== WHAT NEEDS TO BE DONE ==
Starting at the line that contains "Поздравить ветеранов войны, ранее", transcribe every remaining line of the data below exactly, and omit all pictures.

[Data items]
- - - -
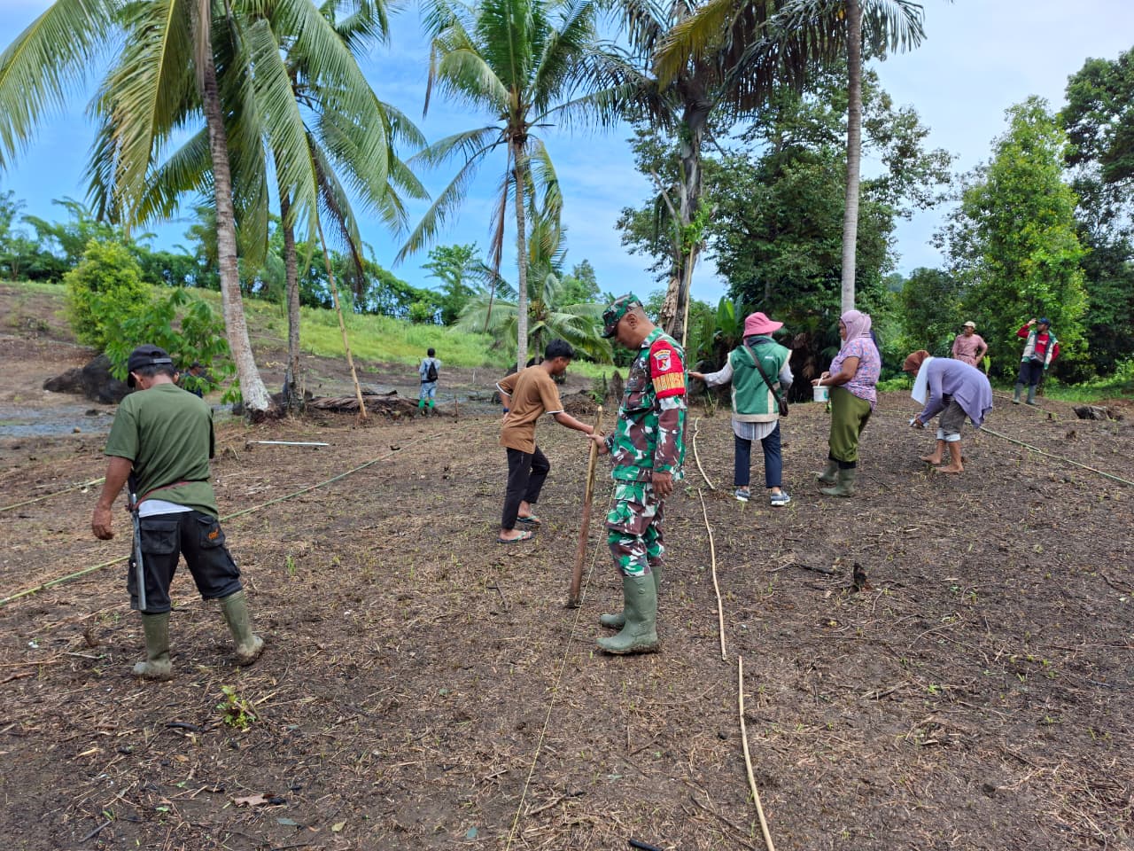 Buol – Dalam rangka mendukung ketahanan pangan wilayah, anggota Koramil 1305-07/Bunobogu Sertu Taufik melaksanakan kegiatan hanpangan penanaman jagung Kegiatan tersebut berlangsung di lahan pertanian milik Bapak Rano yang berlokasi di Desa Taat, Kecamatan Gadung, Kabupaten Buol. Senin, 26/1/26.
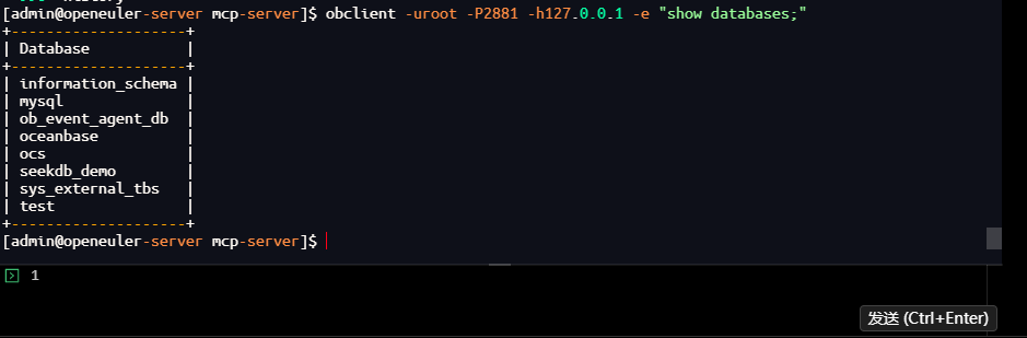 [admin@openeuler-server mcp-server]$ obclient -uroot -P2881 -h127.0.0.1 -e "show databases;"
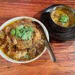 〆にはこちらも一人客のみ注文できる「茶碗カレーライス」650円に「花椒オイルのコリアンダーポークカレー」500円を合わせて。
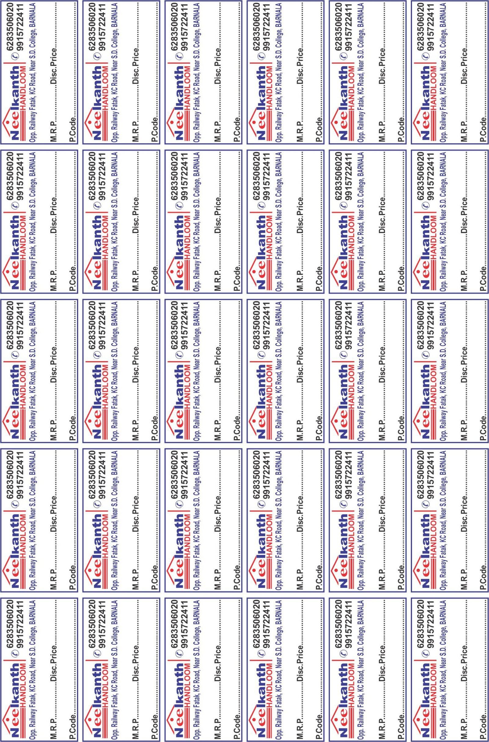 eep your handloom products well-organized and easy to manage with our custom stickers designed for pricing and coding. Perfect for writing rates, product codes, or fabric details, these stickers help you label your handwoven textiles clearly and professionally.
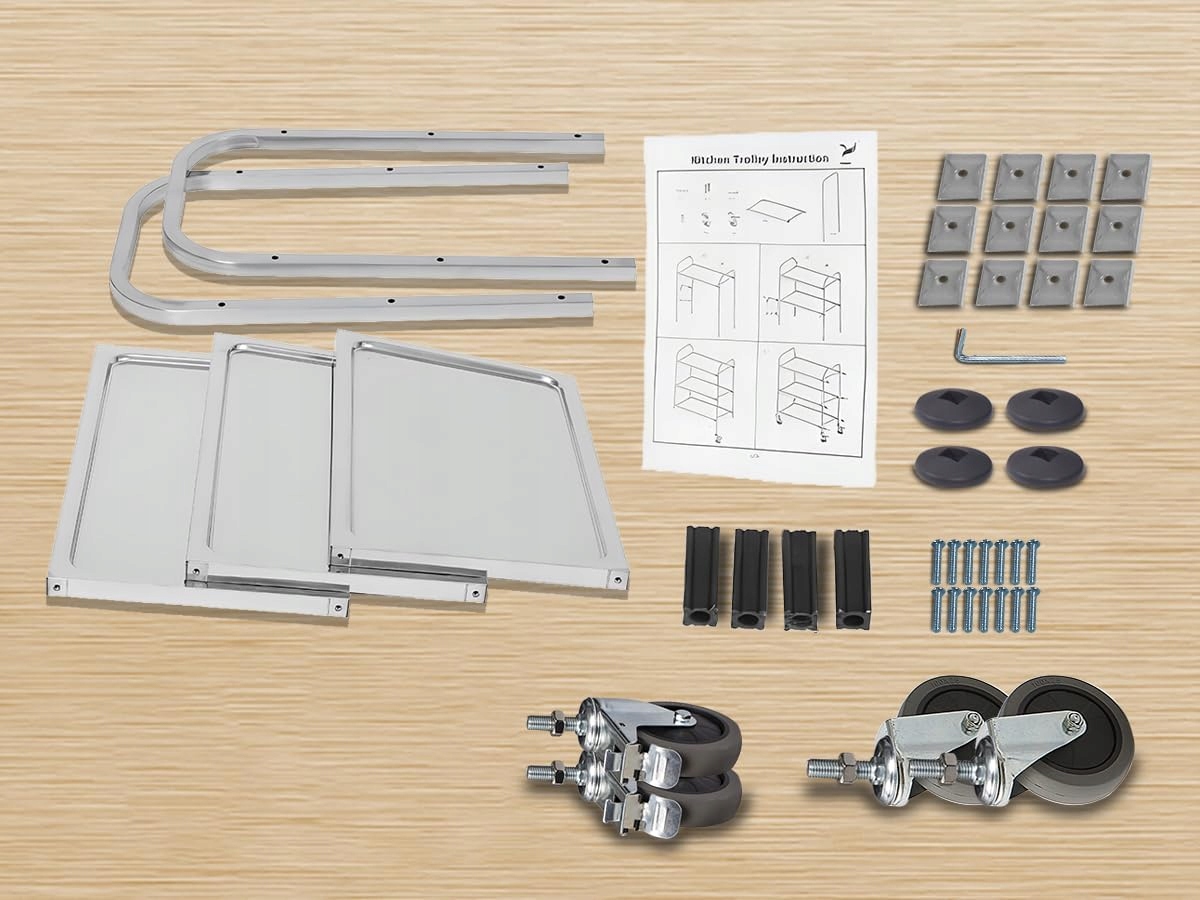 Пакет содержит все аксессуары и подробные инструкции сборки продукта. Кроме того, коляска из нержавеющей стали имеет защитную пленку на поверхности, которую можно легко удалить путем нагрева с феном.
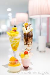 Four glasses with parfait on a cafe table in Japan MaximImages.com
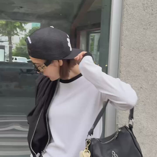 - 下擺採 不規則弧形剪裁,微微露出內裡的撞色邊,穿起來自然顯瘦。
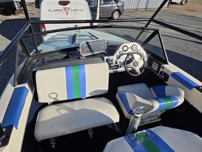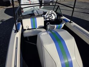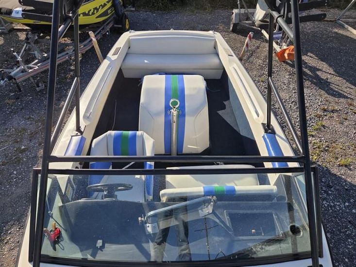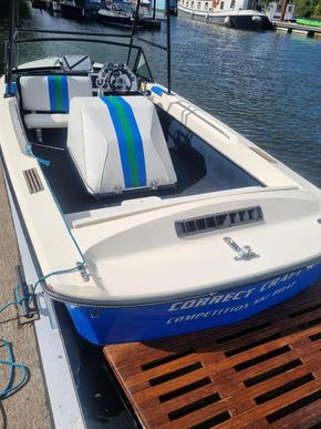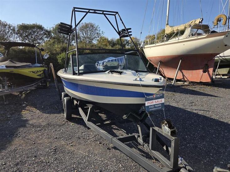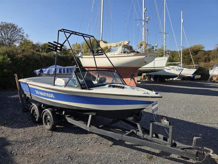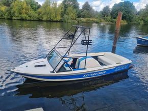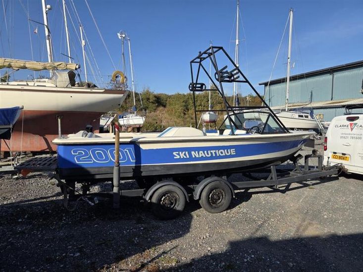 Ski Nautique 2001 built by Correct Craft in 1985. White and blue GRP hull and decks. Wheel steering with helm seat. Aft facing co-pilot seat. Rear seat. Windscreen with large rear-view mirror. Wooden bathing platform. Wake boarding/ski tower.
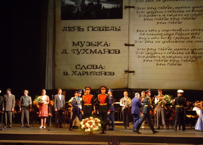 Поздравить ветеранов войны, ранее работавших в районах Западно-Сибирского нефтегазового комплекса, прибыли артисты из г. Ханты-Мансийска: Губанишев Станислав Георгиевич, проникновенно прочитавший произведение «Василий Теркин»; Герасимова Наталья Борисовна, исполнявшая песни и романсы при музыкальном сопровождении(фортепиано) Голушко Александра Анатольевича.
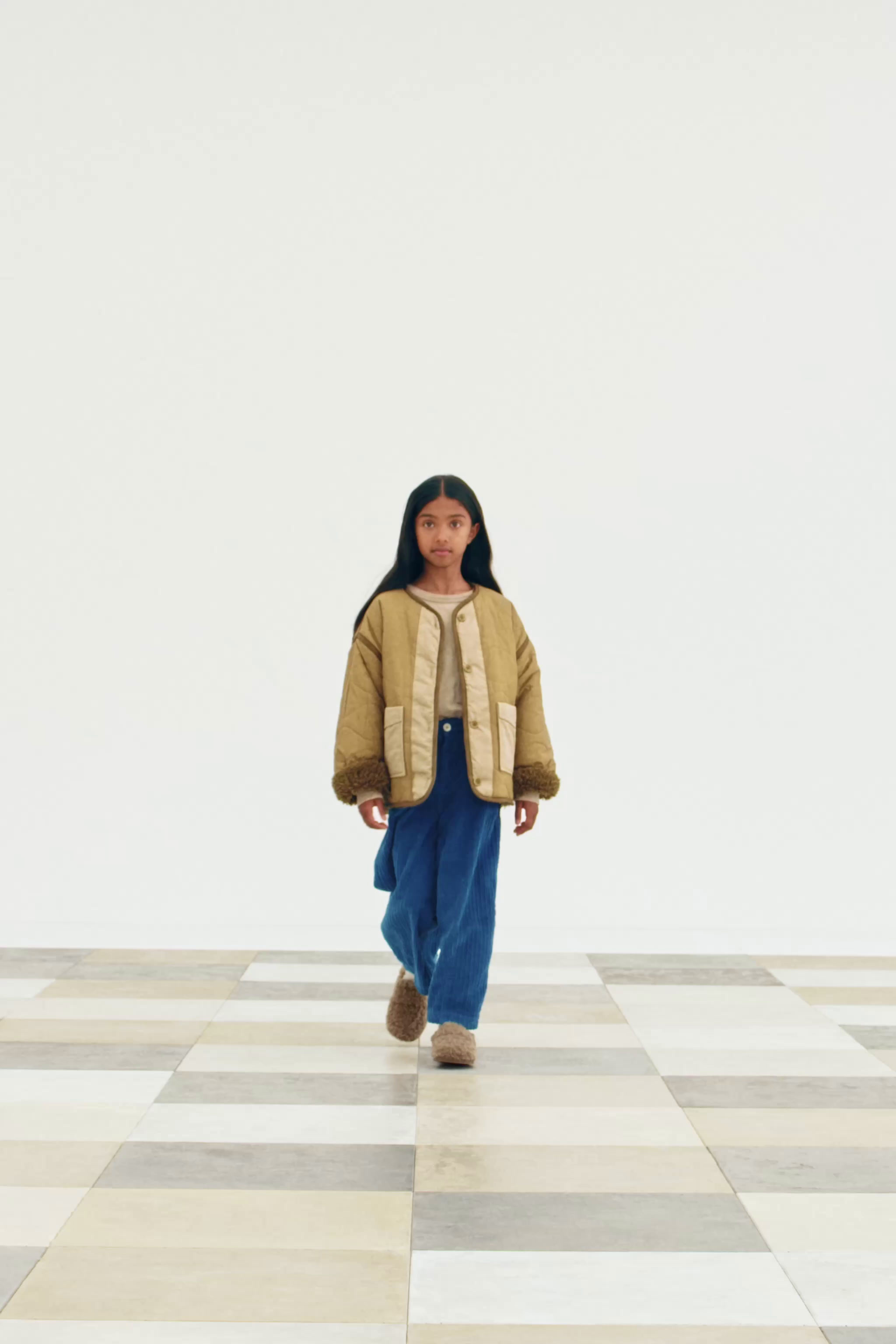 Двусторонняя стеганая куртка. С круглым вырезом и длинными рукавами. Передняя часть на пуговицах. На передней части накладные карманы. Внутренняя часть с отделкой из искусственного меха и ложная крышка на передних карманах.
- - - -
== ANSWER SECTION ==
 Поздравить ветеранов войны, ранее работавших в районах Западно-Сибирского нефтегазового комплекса, прибыли артисты из г. Ханты-Мансийска: Губанишев Станислав Георгиевич, проникновенно прочитавший произведение «Василий Теркин»; Герасимова Наталья Борисовна, исполнявшая песни и романсы при музыкальном сопровождении(фортепиано) Голушко Александра Анатольевича.
 Двусторонняя стеганая куртка. С круглым вырезом и длинными рукавами. Передняя часть на пуговицах. На передней части накладные карманы. Внутренняя часть с отделкой из искусственного меха и ложная крышка на передних карманах.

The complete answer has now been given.